*** Material provided Section Begins ***

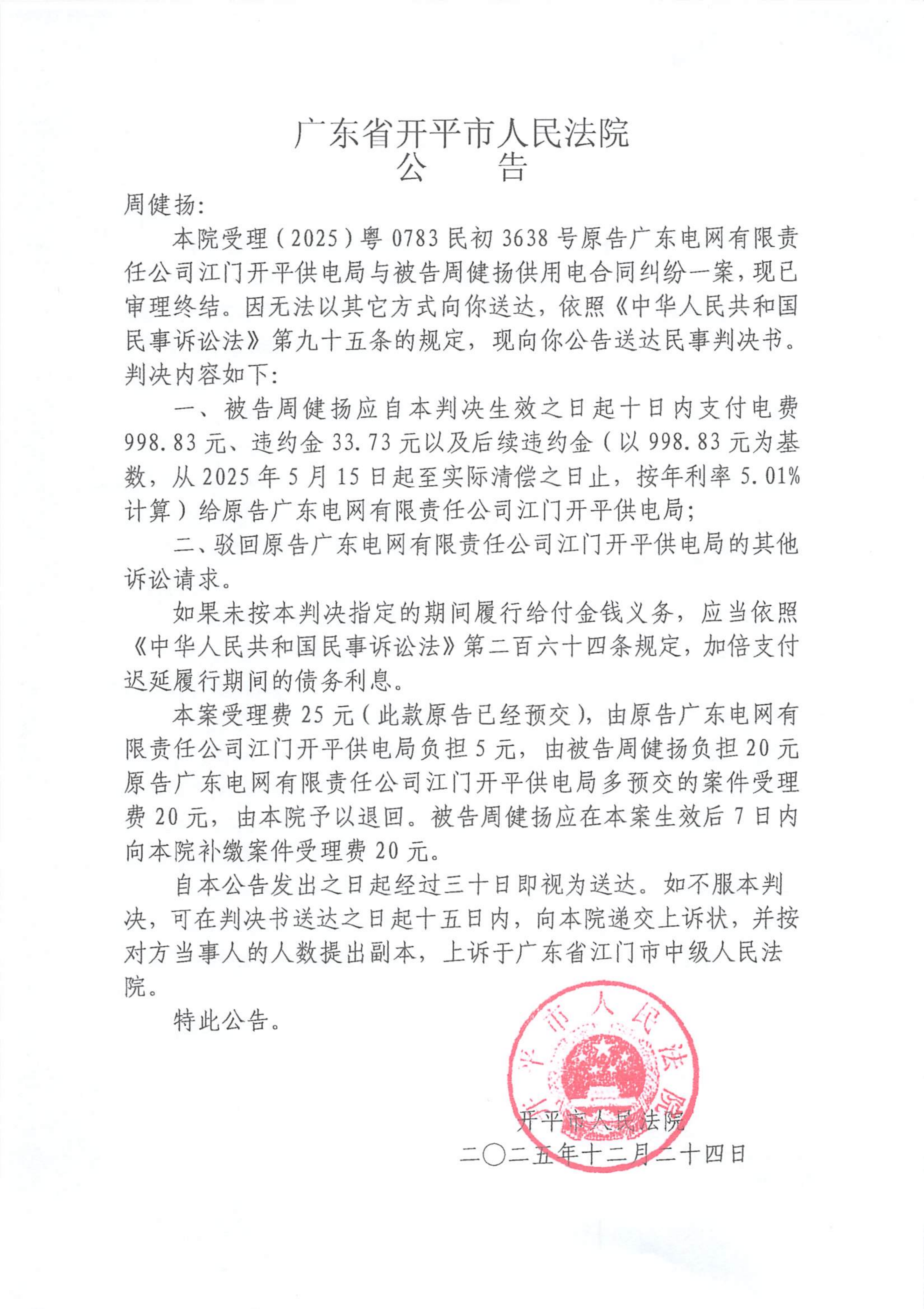 附件:(2025)粤0783民初3638号 周健扬 判决公告.pdf
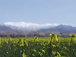 Tulips and rapeseed flowers are blooming in the fields right next to them.
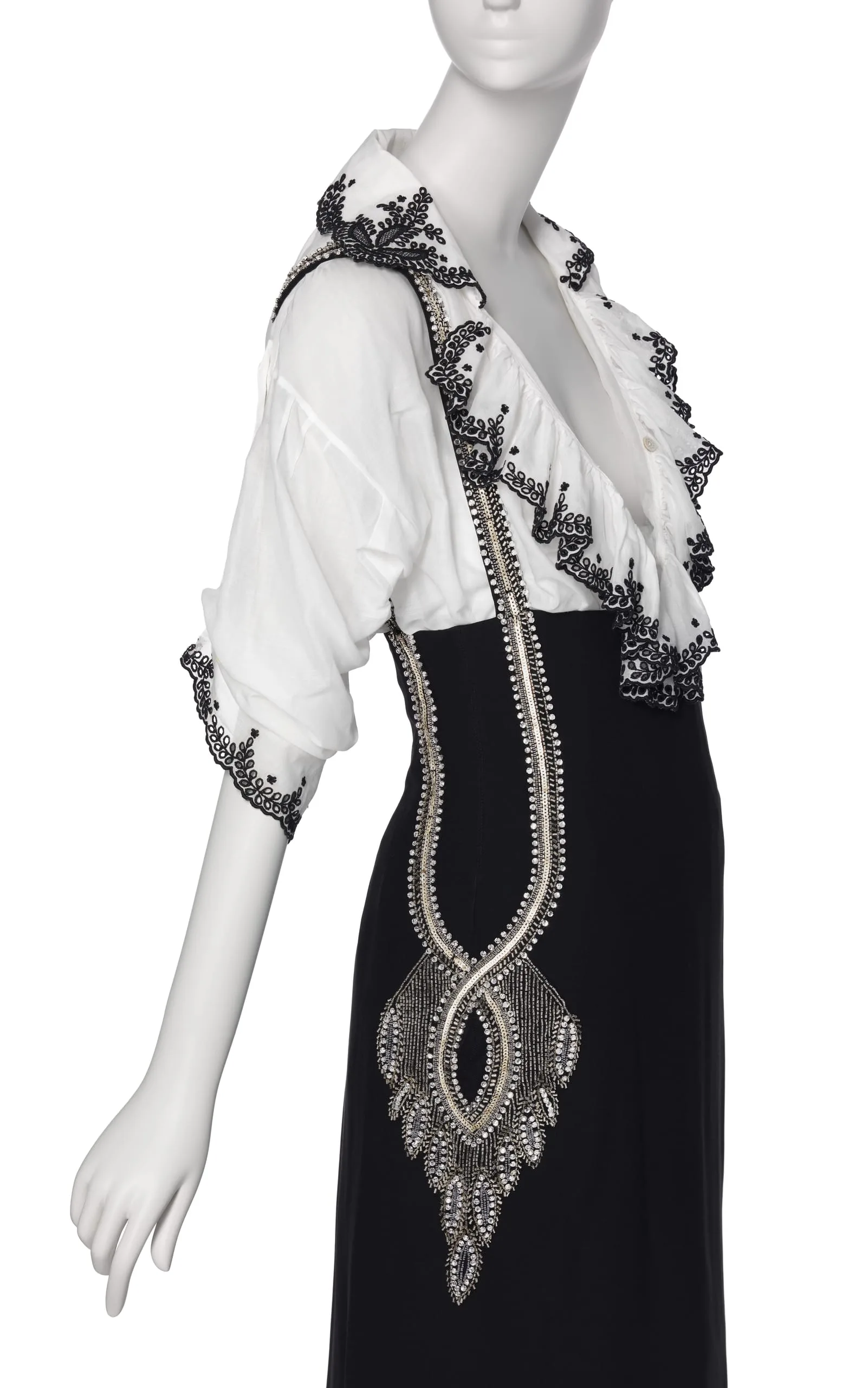 Skirt: Silk plain weave (crepe), with silk net, glass beads, crystals, and metal sequins
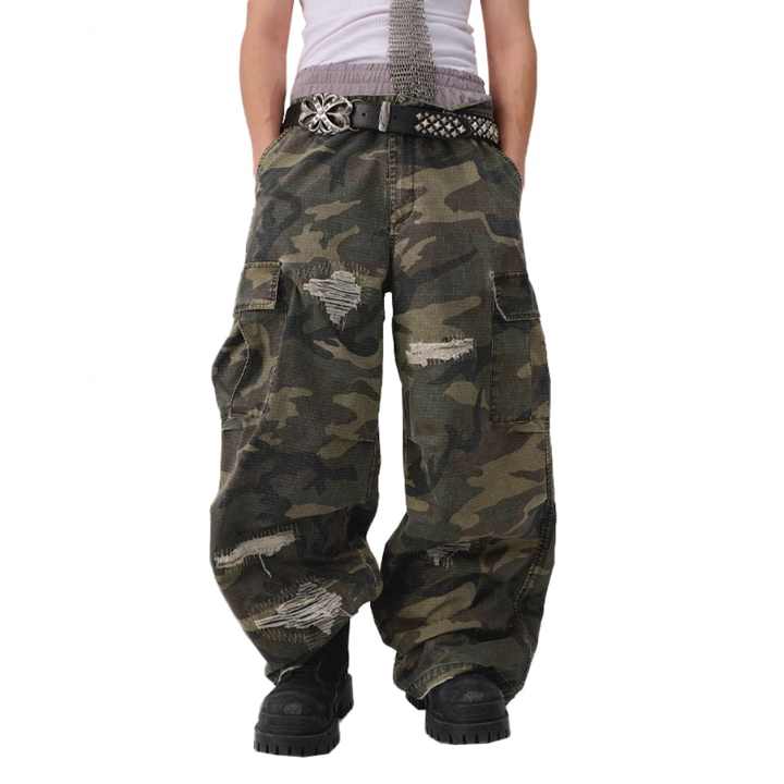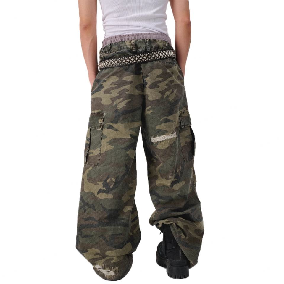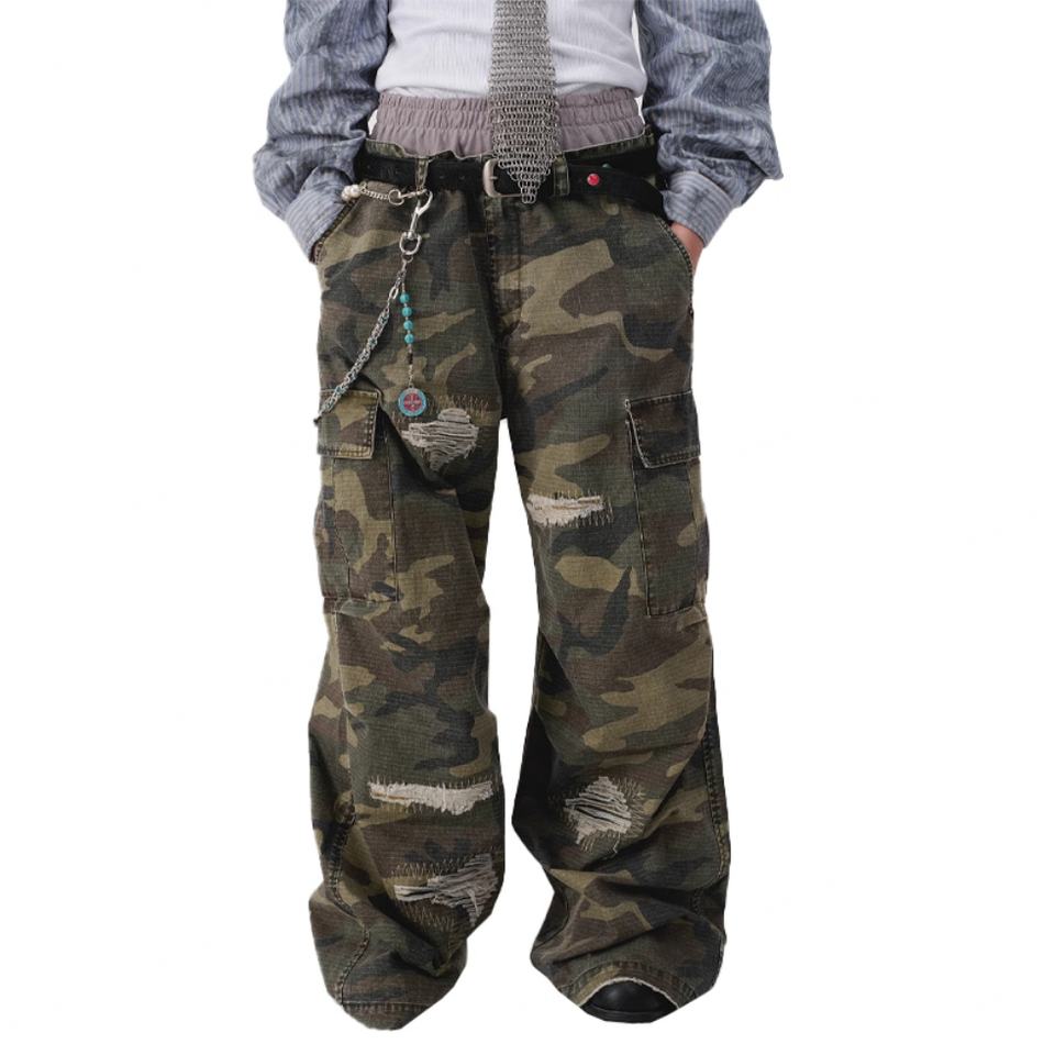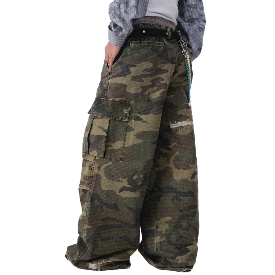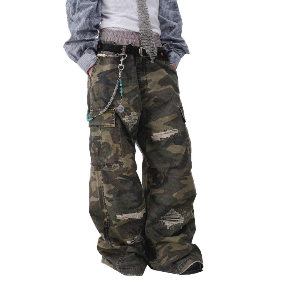 กางเกงคาร์โก้เอวสองชั้นลำลองปักลายพรางแบบวินเทจผ้าฝ้าย 100% คุณภาพสูงขายส่ง ซักทำสีซีดแบบดิสเทรส ปักลายตามสั่ง
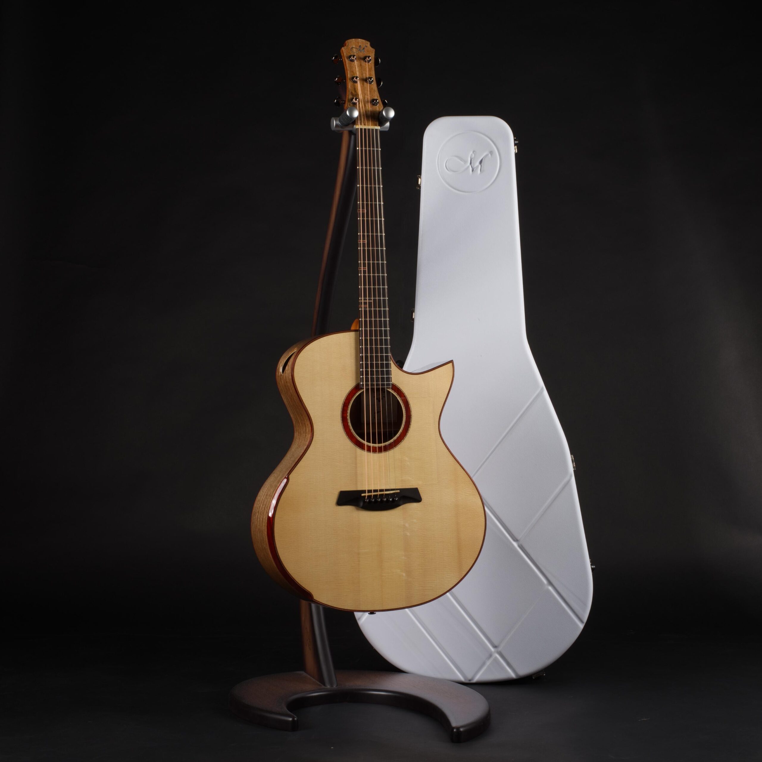 Hier gibt es natürlich keinen einheitlichen Standard, der für alle Instrumente kopiert wird; da jedes Stück Holz einzigartig ist, bestimmt dieser lebendige Werkstoff selbst seine Bearbeitung. Dieses individuelle Procedere des Abstimmens garantiert einen durchgängig ausgewogenen Klang mit angenehmer Transparenz, schneller Ansprache und eleganten Nuancen – eben die Eleganz, die sich auch in der modernen Optik von Maestro Gitarren widerspiegelt.
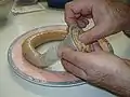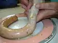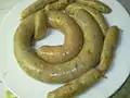 Méthode : hacher finement la viande crue, la mélanger ensuite avec les ingrédients adaptés, ne pas trop saler [H], et utiliser un entonnoir à bout assez large et long : faire glisser le boyau sur la partie rétrécie de l’entonnoir comme une longue chaussette plissée, nouer l’extrémité du boyau et avec la main et le pouce enfoncer la préparation de viande dans l’entonnoir pour remplir le boyau qui s’allongera progressivement, attention aux bulles d’air et à ne pas déchirer le boyau en forçant trop. (On peut aussi le fixer sur le hachoir avec un type de matériel adapté, ou en utilisant un poussoir à viande en vente dans les boutiques spécialisées).
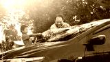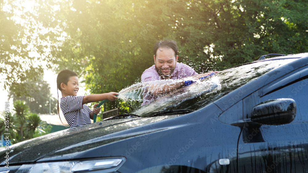 Happy Asian boy help parent washing car on water splashing with sunlight at home, Slow Motion. Activity holidays in family..
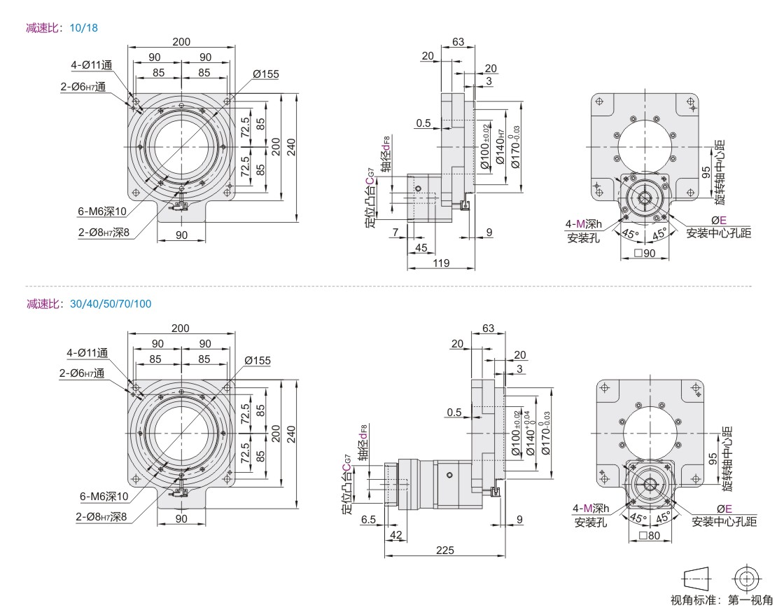减速比30~100为中空旋转平台本体+行星减速机组件合。
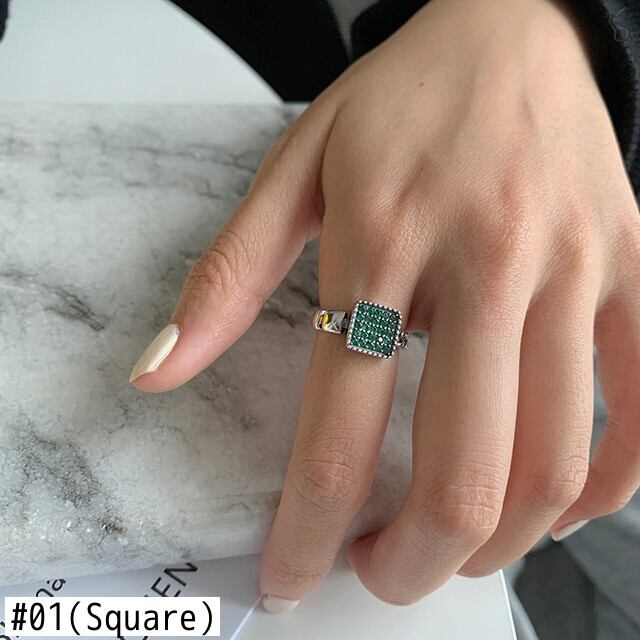 送料無料 ANENJERYシルバーカラーヴィンテージグリーンブラックストーンリング女性タイシルバーカラーリングウェディングギフトラグジュアリーデイリージュエリーS-R950 指輪 銀 ビンテージ アクセサリー AE165538740231079
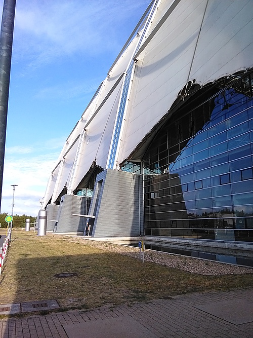 In der ehemalige Cargolifterhalle gleich zu übernachten hätte sicher seinen Reiz – zur Wahl stehen Apartments und Zelte. Aber die Preise sind uns doch etwas zu hoch. Wir entscheiden uns für den Campingplatz, dafür haben wir schließlich das Womo. Dann hab ich gleich noch die Chance zu testen, wie wir ohne Landstrom durchhalten ohne in Gefahr zu geraten, ohne Energie in der Pampa liegen zu bleiben: 280 Wp Solar auf dem Dach und eine 100 Ah-Bordbatterie sollten für unsere Bedürfnisse reichen.
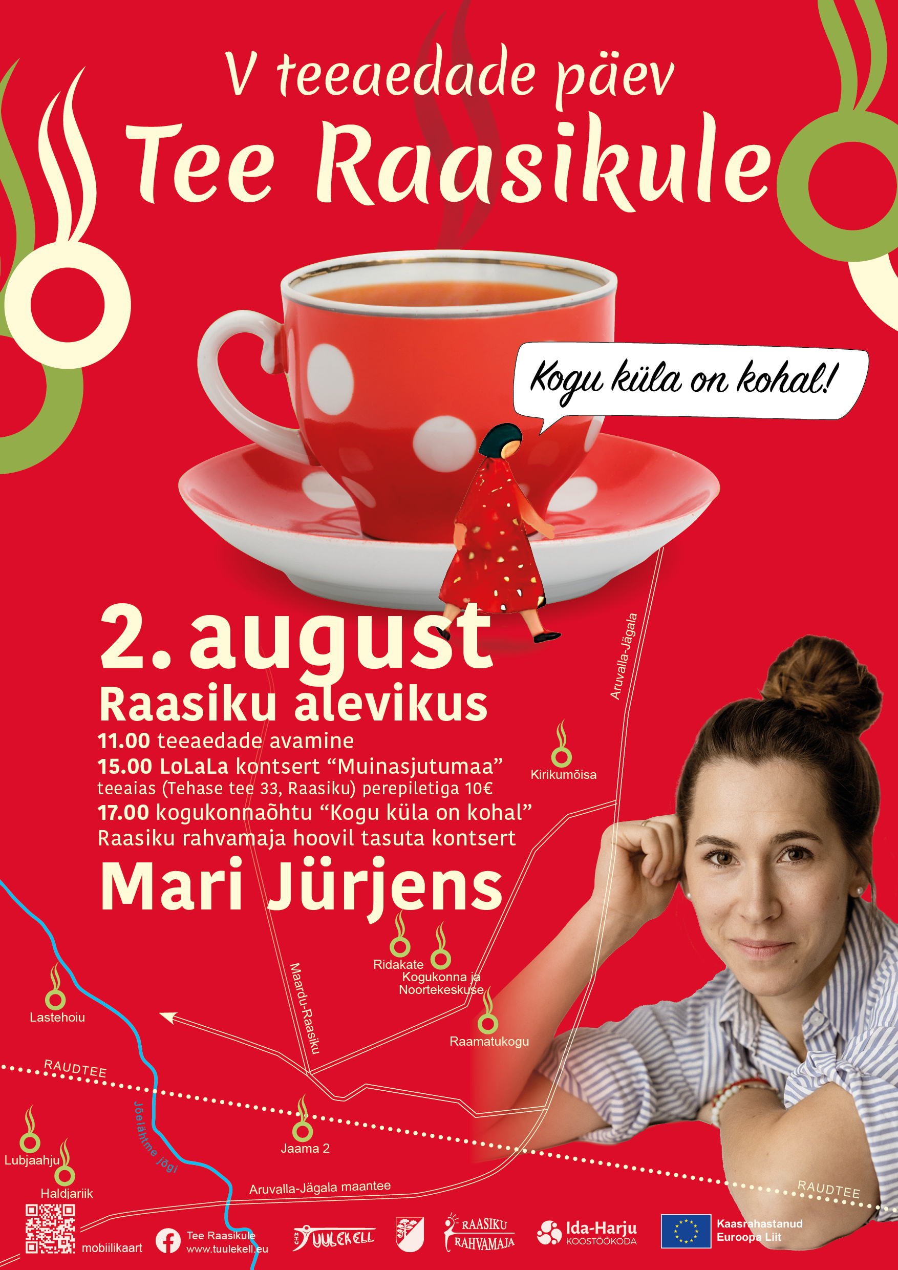 Päeva jooksul ootavad külastajaid erinevad teeaiad Raasiku eri paigus, pakkudes maitseelamusi ja lõbusat äraolemist. Päeva võtab kokku kogukonnaõhtu 𝐾𝑜̃𝑖𝑘 𝑜𝑛 𝑘𝑜𝑜𝑠! Mari Jürjensi kontserdiga
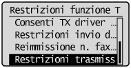 ] per selezionare <Restrizioni funzione TX>, quindi premere [OK].
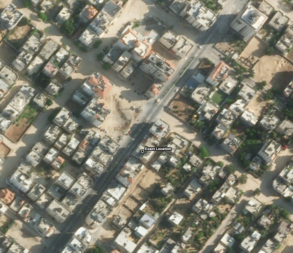 Reports of the incident mention an apartment being struck in the Tel Al Hawa (تل الهوا) neighbourhood of Gaza (غَزَّة). Analyzing visual material from sources, we have narrowed down the location to these exact coordinates: 31.508687, 34.432846.

*** Material provided Section Ends ***

Brief:
From the line holding "quindi premere [OK]." to the final line of the data above, give each line again exactly, both ends included, and drop the pictures.

Exercise answer:
 ] per selezionare <Restrizioni funzione TX>, quindi premere [OK].
 Reports of the incident mention an apartment being struck in the Tel Al Hawa (تل الهوا) neighbourhood of Gaza (غَزَّة). Analyzing visual material from sources, we have narrowed down the location to these exact coordinates: 31.508687, 34.432846.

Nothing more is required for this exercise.